Offgrid is a daily audio summary of the latest ideas, innovations, products, and hard-won lessons for living autonomously and becoming more self-sufficient in energy, tech, food, water, shelter, and everyday systems. This 3-story episode draws from OffGridCabins, OffGridLiving, OffGrid and moves through rain catchment pressure setup, river nitrate filtration limits, mariposa permit cost reality.
1. Rain Catchment Pressure Setup
One practical rain-catchment question this time is how to turn IBC tote storage into normal household water pressure for a tiny house with a propane tankless heater. The setup already has collected rainwater, a hose inlet, and only a few fixtures, so the missing piece is not storage but stable pressure that starts automatically when a tap opens.

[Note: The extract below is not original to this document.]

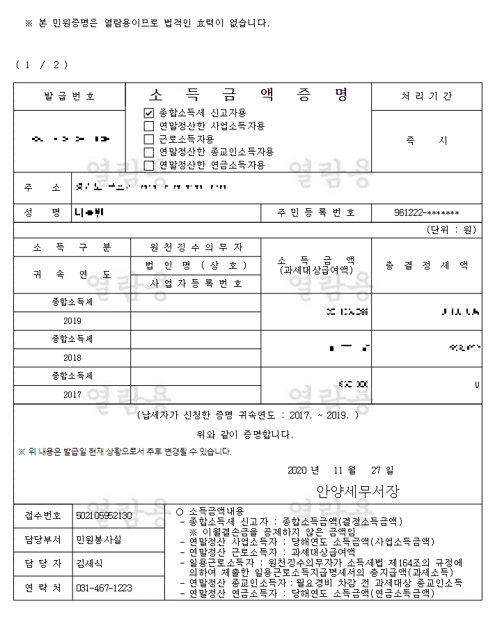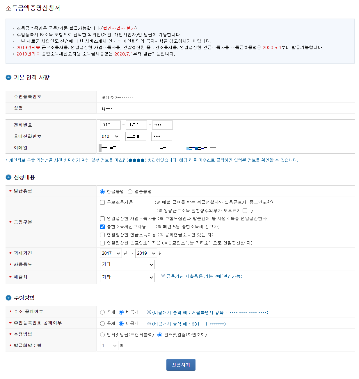 이때 다음과 같이 어떤 유형으로 발급을 신청할 것인지 설명하여 발급을 진행하시면 됩니다. 저는 [종합소득세 신고자용]으로 2017년부터 2019년까지의 소득에 대하여 금액을 확인했습니다.

Source subreddit: OffGridCabins
2. River Nitrate Filtration Limits
This one is a good reminder that not every off-grid drinking-water problem is just a filtration problem. The poster wants a homemade river-water system using gravel, sand, charcoal, sunlight, and possibly boiling, but the key complication is nitrates as well as bacteria.
Source subreddit: OffGridLiving
3. Mariposa Permit Cost Reality
The third thread is less about hardware and more about the expensive realities that decide whether an off-grid build is viable at all. Someone planning a five-acre move in Mariposa County is sketching the usual first-pass package of a small cabin, solar, rain catchment, composting toilet, and extra outbuildings, then asking what survives contact with local rules.